[PROVIDED INFORMATION Boundary: Start]
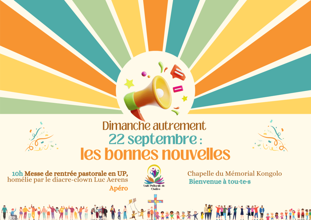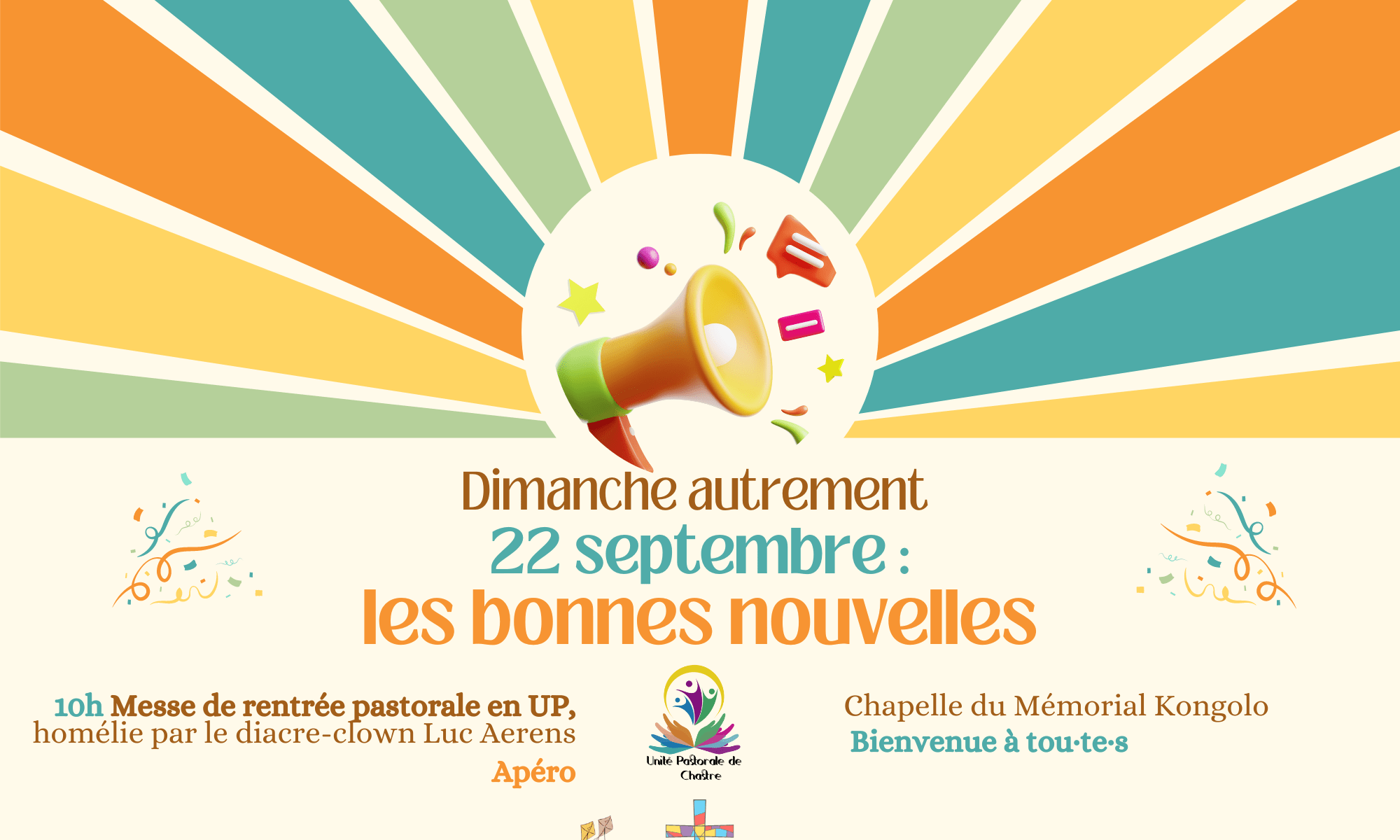 Nous gardons l’idée des BONNES NOUVELLES, avec une messe en présence de Luc Aerens, diacre clown qui assurera l’homélie en clown, puis un apéro, le tout en UP bien sûr ! Occasion aussi de vivre la rentrée scolaire et pastorale tou·te·s ensemble.
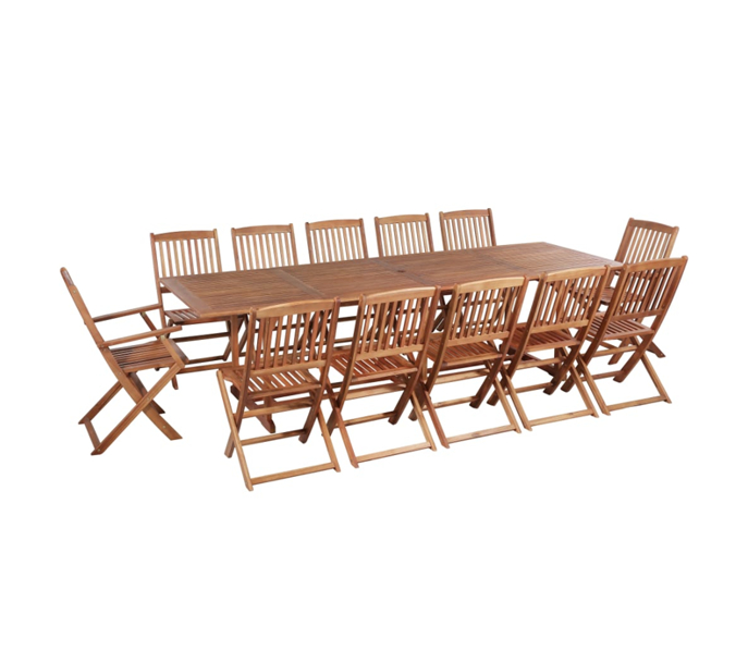 Set mobilier de exterior, cu masa si 12 scaune, vidaXL, Lemn masiv de acacia, Maro, 200 x 90 x 74.5 cm
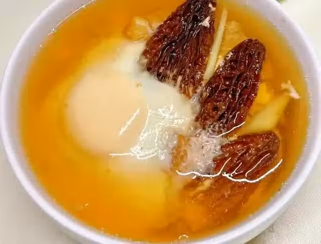 食材:羊肚菌、雞蛋、乾貝、山藥、薑絲、梅花肉
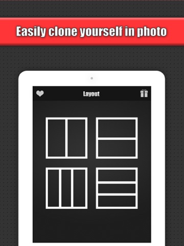 Clone Pic divides your camera into several sections with many layouts to choose from. You can choose to blend these images together creating a flawless looking special effect or make a sharp contrast between the photos to collage multiple images. The possibilities are limitless!
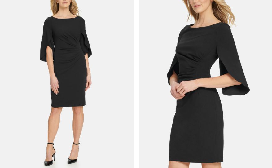 Te proponemos otra marca como DKNY y este vestido fruncido de manga francesa y cuello barco en un color que casa con todo y vale para cualquier ocasión, el negro. Una prenda sencilla, elegante, casi minimalista pero con detalles muy chic como esas espectaculares mangas francesas. Se vende en El Corte Inglés por 120 euros.
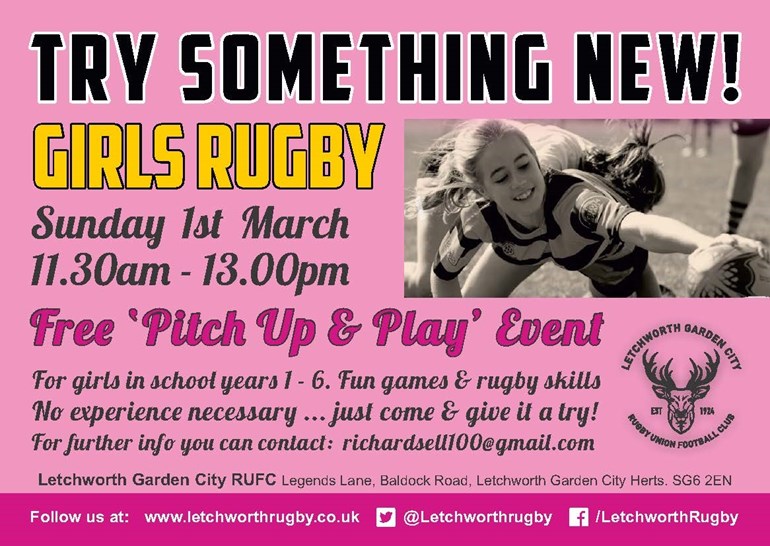 We are holding a free ‘Pitch Up & Play’ event on Sunday 1st March for girls in School Years 1 to 6 who want to come and give rugby a try. Just turn up at the club ready to start from 11.30am. Normal sports clothes & trainers will be fine - you can wear studded boots if you have them. There’ll be free food in the clubhouse after too! For more information please contact Richard e: richardsell100@gmail.com.
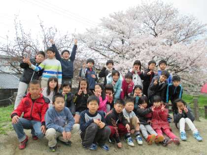 その後みんなで桜の木の下で記念撮影です。この写真のように一年間笑顔で活動に取り組んでいきたいと思います。
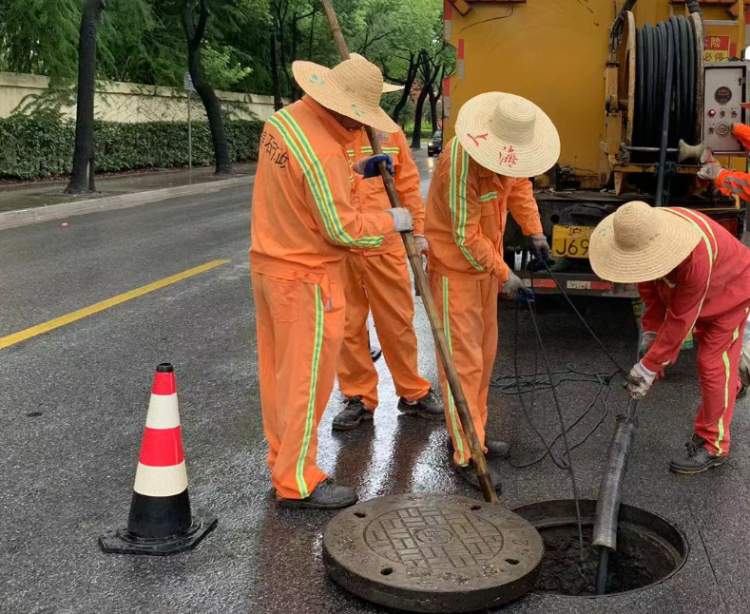 ▲市政养护单位赶在台风登陆前疏通管井,目前金山主城区90多个排放口已经处理完毕。
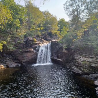 Le grand bassin au pied de la cascade porte le nom de Baignoire de Rob Roy, reliant le site aux légendes écossaises locales. Ce nom montre comment les caractéristiques naturelles ici s'entrelacent avec des récits que les visiteurs entendent toujours aujourd'hui.
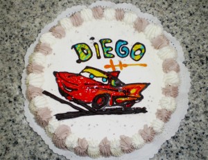 Elaborar esta tarta de cumpleaños es tan sencillo como saber los dibujos favoritos de la o el cumpleañero. Se compone de un bizcocho de chocolate, trufa y nata, ingredientes con los que es fácil acertar con ciertas edades. Y el dibujo es muy sencillo de hacer, incluso os pueden ayudar las y los peques de la casa.
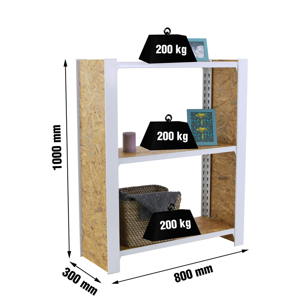 Rayonnage de bureau charge légère sans vis 1000x800x300 - 3 niveaux Blanc - SIMON RACK - 8425437127359
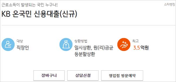 보다 자세한 사항은 각 영업점 또는 KB국민은행 고객센터(1588-9999), KB국민은행 홈페이지 신용대출 카테고리 내 KB 온국민 신용대출 항목을 통해 확인 할 수 있다고 합니다.
[PROVIDED INFORMATION Boundary: End]
__INSTRUCTIONS FOR THE TASK__. Copy the records exactly, leaving out every picture.

__RESPONSE AREA__.
 Nous gardons l’idée des BONNES NOUVELLES, avec une messe en présence de Luc Aerens, diacre clown qui assurera l’homélie en clown, puis un apéro, le tout en UP bien sûr ! Occasion aussi de vivre la rentrée scolaire et pastorale tou·te·s ensemble.
 Set mobilier de exterior, cu masa si 12 scaune, vidaXL, Lemn masiv de acacia, Maro, 200 x 90 x 74.5 cm
 食材:羊肚菌、雞蛋、乾貝、山藥、薑絲、梅花肉
 Clone Pic divides your camera into several sections with many layouts to choose from. You can choose to blend these images together creating a flawless looking special effect or make a sharp contrast between the photos to collage multiple images. The possibilities are limitless!
 Te proponemos otra marca como DKNY y este vestido fruncido de manga francesa y cuello barco en un color que casa con todo y vale para cualquier ocasión, el negro. Una prenda sencilla, elegante, casi minimalista pero con detalles muy chic como esas espectaculares mangas francesas. Se vende en El Corte Inglés por 120 euros.
 We are holding a free ‘Pitch Up & Play’ event on Sunday 1st March for girls in School Years 1 to 6 who want to come and give rugby a try. Just turn up at the club ready to start from 11.30am. Normal sports clothes & trainers will be fine - you can wear studded boots if you have them. There’ll be free food in the clubhouse after too! For more information please contact Richard e: richardsell100@gmail.com.
 その後みんなで桜の木の下で記念撮影です。この写真のように一年間笑顔で活動に取り組んでいきたいと思います。
 ▲市政养护单位赶在台风登陆前疏通管井,目前金山主城区90多个排放口已经处理完毕。
 Le grand bassin au pied de la cascade porte le nom de Baignoire de Rob Roy, reliant le site aux légendes écossaises locales. Ce nom montre comment les caractéristiques naturelles ici s'entrelacent avec des récits que les visiteurs entendent toujours aujourd'hui.
 Elaborar esta tarta de cumpleaños es tan sencillo como saber los dibujos favoritos de la o el cumpleañero. Se compone de un bizcocho de chocolate, trufa y nata, ingredientes con los que es fácil acertar con ciertas edades. Y el dibujo es muy sencillo de hacer, incluso os pueden ayudar las y los peques de la casa.
 Rayonnage de bureau charge légère sans vis 1000x800x300 - 3 niveaux Blanc - SIMON RACK - 8425437127359
 보다 자세한 사항은 각 영업점 또는 KB국민은행 고객센터(1588-9999), KB국민은행 홈페이지 신용대출 카테고리 내 KB 온국민 신용대출 항목을 통해 확인 할 수 있다고 합니다.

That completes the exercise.